The next big opportunity in energy isn’t in oil, it’s in natural gas, says one of Canada’s top energy analysts.

Oil prices have been stubbornly stable as global inventories rise, but the oversupply concerns are overstated, Eric Nuttall, partner and senior portfolio manager at Ninepoint Partners told BNN Bloomberg on Monday.

“I’ve dubbed this the most anticipated oil supply, or oil supply driven glut, in history,” said Nuttall.

“We can all see satellite data, and we’ve had a surge of oil on the water and yet oil is pretty stubbornly stuck, around US$60 (a barrel).”

Nuttall said there’s a short term risk as sanctions of barrels on the water make their way onshore, potentially pressuring prices in the near term.

He said he expects the market to soon refocus on ‘positive catalysts’ in the coming year, which includes stronger demand and dwindling OPEC spare capacity.

“Demand is coming in hotter than expectations,” said Nuttall.

The International Energy Agency predicts demand will rise by 1.3 million barrels per day (bpd) this year, which is double the rate the agency expected. It also expects supply to rise by 3.0 million bpd.

Nuttall said while OPEC has been bringing on additional barrels, it has normalized spare capacity. So while the demand for oil sits at around 106 million barrels per day, he thinks OPEC’s spare capacity is only 1.6 million.

“So that’s a very, very razor thin safety cushion,” said Nuttall.

“It’s effectively like having no fire insurance on a house in a neighborhood full of arsonists.”

With Ukraine’s attacks on Russia’s refineries, Nuttall said the world faces a potential loss of oil supply, and there is no ‘safety cushion’ in the oil market anymore.

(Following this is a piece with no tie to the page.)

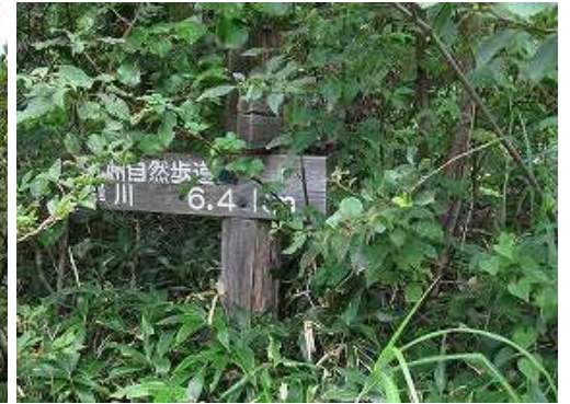
天川 分岐の案内板。

He said while he sees room for crude to swing between $55 and $65 depending on U.S. sanctions enforcement, his fund is betting on natural gas.

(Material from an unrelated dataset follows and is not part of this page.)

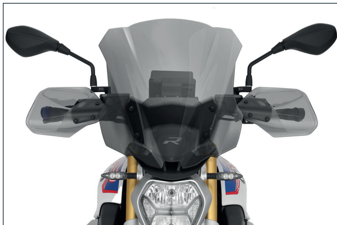
... oder rauchgrau - Artikelnummer: 30450-23x

Strong demand for natural gas

Nuttall says the price for gas averages around $4 (MMBtu) for the next three years, which means the largest gas producers in the U.S. could be bought at 12 to 14 per cent free cash flow yields.

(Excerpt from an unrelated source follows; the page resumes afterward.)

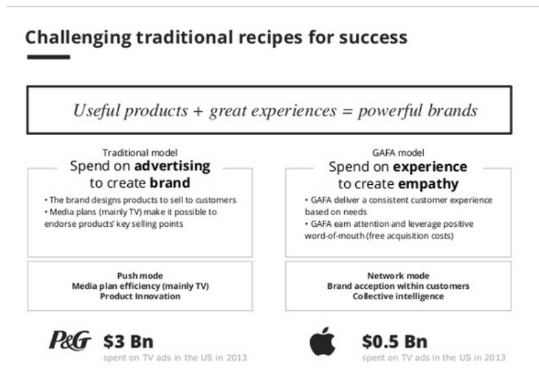
Figure 1 - La recette du succès

La stratégie a une base planétaire, les services qui sont développés sont ceux qui intéressent des millions de personnes, la base client est toujours pensée au niveau international et permet d'envisager que le gratuit va finir par s'équilibrer avec un seuil minime de ventes par client doublé par les revenus publicitaires d'une région internationale.

He said The Ninepoint Energy Fund holds roughly 27 per cent in oil, versus about 60 per cent in natural gas.

“We’re much more bullish on natural gas,” said Nuttall.

“We see very strong demand drivers and also challenges to meaningfully growing supply over the short term.”

He also said liquified natural gas (LNG) in the U.S. is going to grow from 17 billion cubic feet per day to 30 billion cubic feet per day by the end of the year, especially as the demand of power increases to build AI and data centers.

Canadian producers behind

Nutall said while Canada is beginning to benefit from LNG’s early startup, Canadian producers still lack the supply discipline of their U.S. peers.

“We have our largest producers continuing to add volumes onto the market so that’s just not as bullish for Canadian gas pricing versus the U.S.,” said Nuttall.

“They’re willing to take supply off when the price softens. So we have a much larger focus in the United States.”

Nuttall says weak sentiment toward Canadian energy stocks led to three large takeouts in his fund this year, which include including Veron, MEG Energy and NuVista to acquisitions by Whitecap, Cenovus and Ovintiv.

He’s considering voting against the Ovintiv-NuVista deal, arguing investors are selling too soon and missing out on longer-term gains from compounding share buybacks.

“Even in the absence of organic buying, when you know energy funds are being redeemed on a daily basis, it’s the ongoing buying back of shares and retiring those shares by companies that are making the remaining shares more and more valuable day after day, week after week, month after month, and year after year,” said Nuttall.